(EXCERPTED DATA):
....................

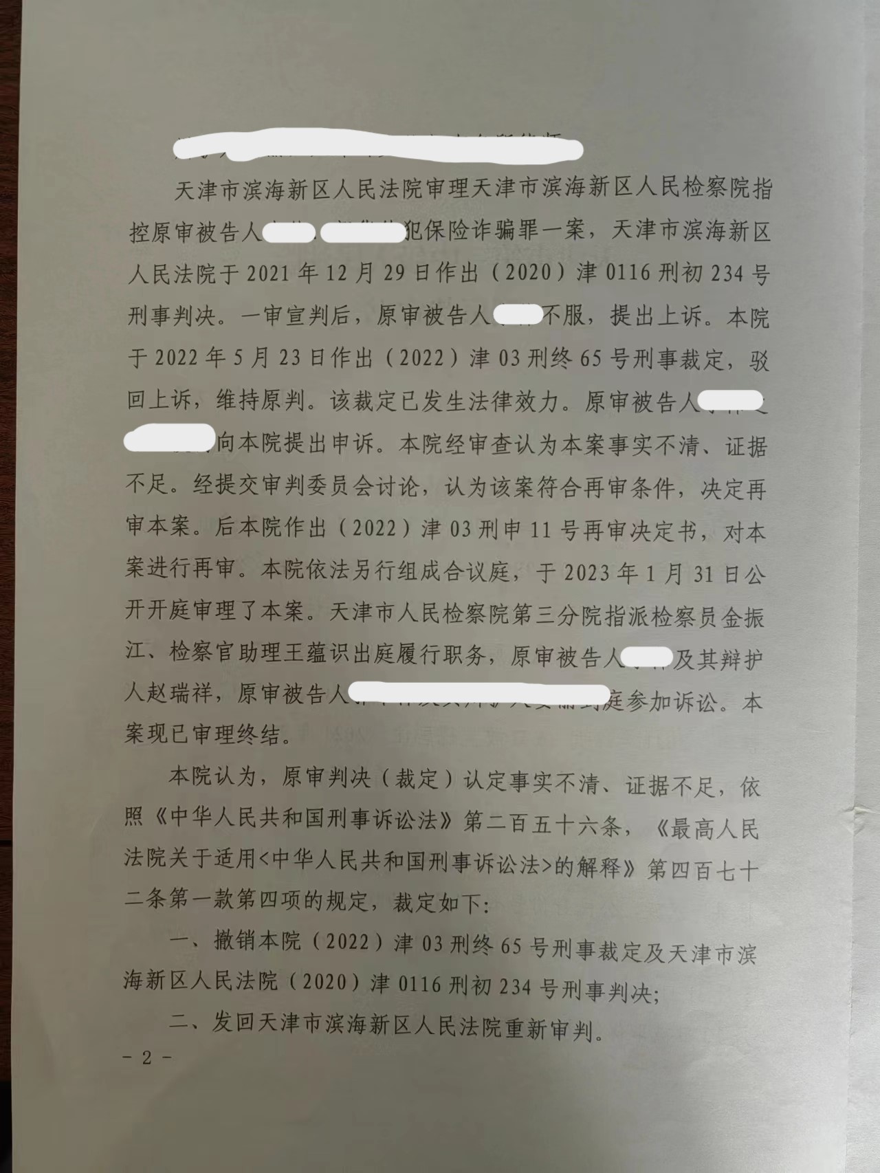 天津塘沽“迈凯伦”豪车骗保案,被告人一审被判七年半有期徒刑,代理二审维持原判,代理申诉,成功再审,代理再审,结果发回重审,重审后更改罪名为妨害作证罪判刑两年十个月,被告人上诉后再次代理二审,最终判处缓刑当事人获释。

....................

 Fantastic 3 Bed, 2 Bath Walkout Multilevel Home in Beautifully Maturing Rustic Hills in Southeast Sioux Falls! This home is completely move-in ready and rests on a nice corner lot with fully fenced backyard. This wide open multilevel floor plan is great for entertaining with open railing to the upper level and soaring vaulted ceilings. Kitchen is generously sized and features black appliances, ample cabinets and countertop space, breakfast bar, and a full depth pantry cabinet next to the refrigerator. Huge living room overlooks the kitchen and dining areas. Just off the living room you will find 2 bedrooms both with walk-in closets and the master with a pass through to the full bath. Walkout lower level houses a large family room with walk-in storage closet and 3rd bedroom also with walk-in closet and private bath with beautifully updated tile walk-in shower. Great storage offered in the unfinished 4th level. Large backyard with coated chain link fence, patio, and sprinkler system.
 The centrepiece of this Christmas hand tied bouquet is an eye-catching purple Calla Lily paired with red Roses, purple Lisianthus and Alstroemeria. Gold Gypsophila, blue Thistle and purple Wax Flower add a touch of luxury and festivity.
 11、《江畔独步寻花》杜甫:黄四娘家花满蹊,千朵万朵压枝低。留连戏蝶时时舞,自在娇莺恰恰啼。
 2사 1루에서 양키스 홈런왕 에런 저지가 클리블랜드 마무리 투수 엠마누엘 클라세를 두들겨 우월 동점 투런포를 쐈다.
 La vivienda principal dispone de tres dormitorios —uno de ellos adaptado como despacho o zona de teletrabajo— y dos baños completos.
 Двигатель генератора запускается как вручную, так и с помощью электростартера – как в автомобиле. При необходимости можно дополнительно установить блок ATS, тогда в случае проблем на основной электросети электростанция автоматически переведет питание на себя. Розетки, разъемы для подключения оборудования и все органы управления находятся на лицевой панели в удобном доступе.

....................

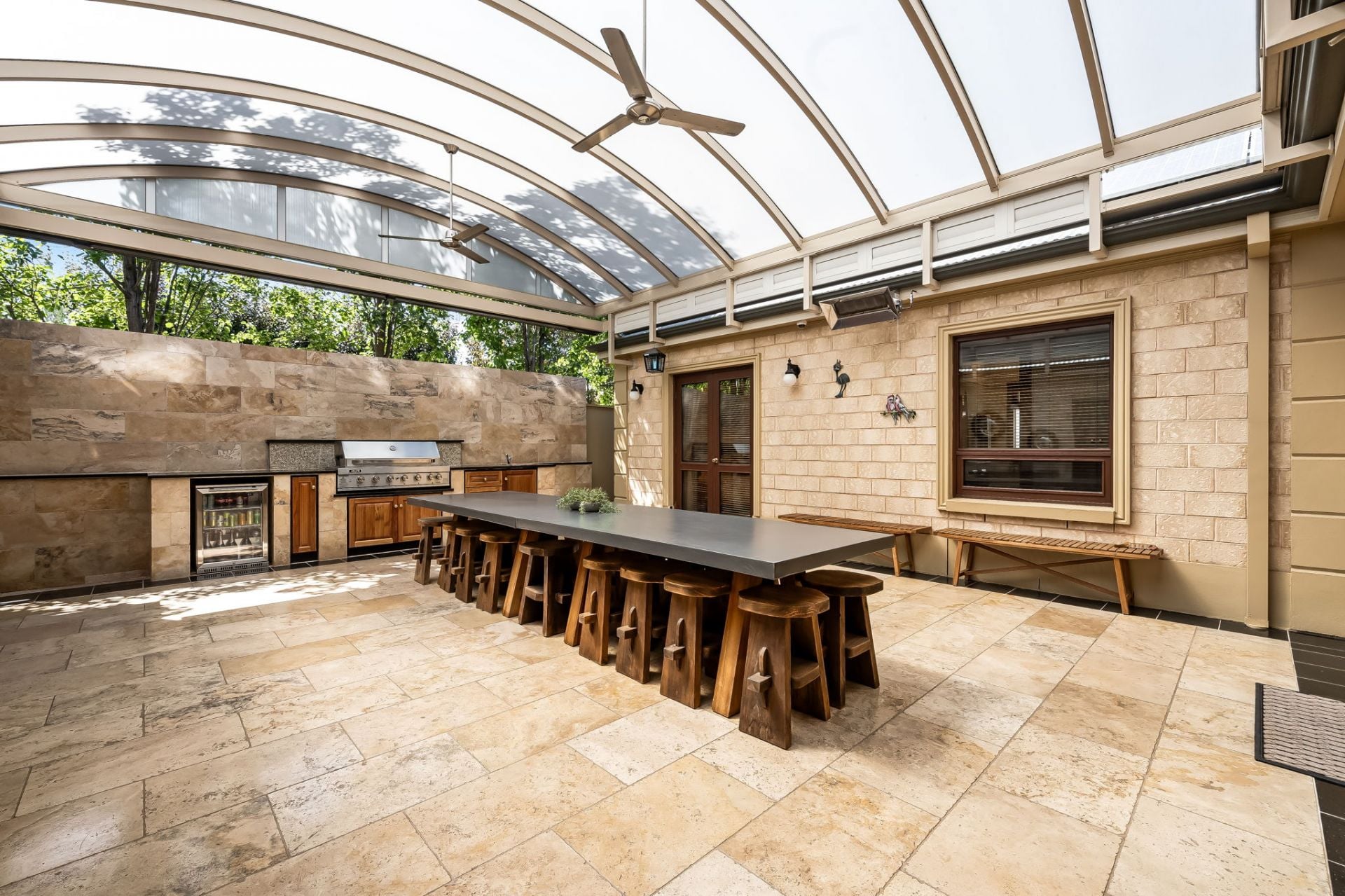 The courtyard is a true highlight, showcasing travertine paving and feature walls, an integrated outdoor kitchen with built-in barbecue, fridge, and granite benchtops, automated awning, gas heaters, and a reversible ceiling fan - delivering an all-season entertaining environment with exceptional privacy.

....................

(PROBLEM REQUIREMENTS):
Could you restate, word for word, the lines above from the one with "The centrepiece of" to the one with "2사 1루에서 양키스", both included?

(EXPECTED OUTPUT):
 The centrepiece of this Christmas hand tied bouquet is an eye-catching purple Calla Lily paired with red Roses, purple Lisianthus and Alstroemeria. Gold Gypsophila, blue Thistle and purple Wax Flower add a touch of luxury and festivity.
 11、《江畔独步寻花》杜甫:黄四娘家花满蹊,千朵万朵压枝低。留连戏蝶时时舞,自在娇莺恰恰啼。
 2사 1루에서 양키스 홈런왕 에런 저지가 클리블랜드 마무리 투수 엠마누엘 클라세를 두들겨 우월 동점 투런포를 쐈다.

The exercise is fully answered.